La mer Rouge est une voie navigable importante pour transporter de grandes quantités de pétrole brut d'Arabie saoudite vers le marché international, après que les exportations d'énergie du Golfe ont été gravement interrompues par les tensions américano-iraniennes dans le détroit d'Ormuz.
Le ministère saoudien de la Défense a publié une déclaration commune au nom de 14 pays de la coalition : Bahreïn, Bangladesh, Djibouti, Égypte, Jordanie, Koweït, Nigéria, Pakistan, Qatar, Arabie saoudite, Somalie, Soudan, Turquie et Yémen.
Le ministère saoudien de la Défense a souligné que l'alliance " vise à renforcer la sécurité maritime, à protéger la liberté de navigation, à assurer les routes commerciales internationales et les lignes d'approvisionnement énergétique, ainsi qu'à protéger les intérêts maritimes communs dans le détroit de Bab al-Mandab, la mer Rouge et le golfe d'Aden".
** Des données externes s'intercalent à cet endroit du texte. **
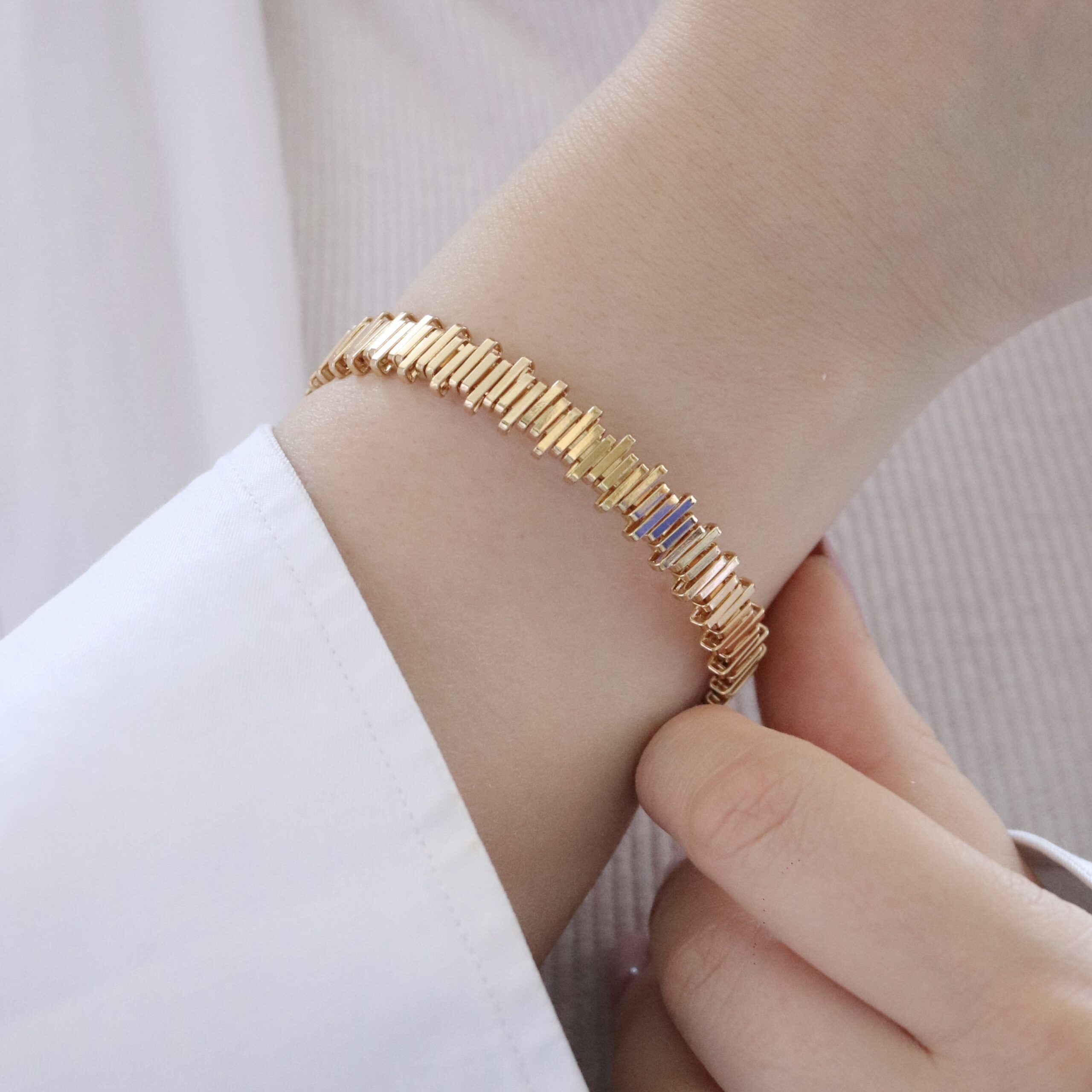 این دستبند از برند معروف ژوپینگ می باشد و سطح کار روکش طلا و آبکاری طلای قوی دارد.این کار فری سایز است و تا سایز 3 اندازه میباشد.برای ماندگاری بالاتر کارها لطفا مطابق کارتی که داخل بسته بندی ارسال میشود اقدام کنید. عکس این محصول بدون هیچگونه فیلتر میباشد و در نور طبیعی انجام شده است. آماده سازی و ارسال تمامی محصولات بعد از2 روز کاری بدون احتساب روز تعطیلی میباشد

Le communiqué précise que l'Arabie saoudite a invité 51 pays et organisations à participer à la réunion sur l'alliance à Riyad le 30 juillet. Des représentants de 43 pays et d'une délégation de l'UE ont participé, dont 14 pays ont confirmé leur soutien, et d'autres sont en cours d'examen.
Cette décision intervient après que les forces Houthi au Yémen ont annoncé l'imposition d'un embargo maritime à l'Arabie saoudite - le premier exportateur mondial de pétrole.
Les Houthis revendiquent la responsabilité des attaques contre les pétroliers saoudiens en mer Rouge et les infrastructures pétrolières du royaume.
L'Arabie saoudite et les forces Houthi se sont affrontées début juillet, pour la première fois depuis de nombreuses années, menaçant l'accord de cessez-le-feu de 2022 qui avait été maintenu malgré son expiration.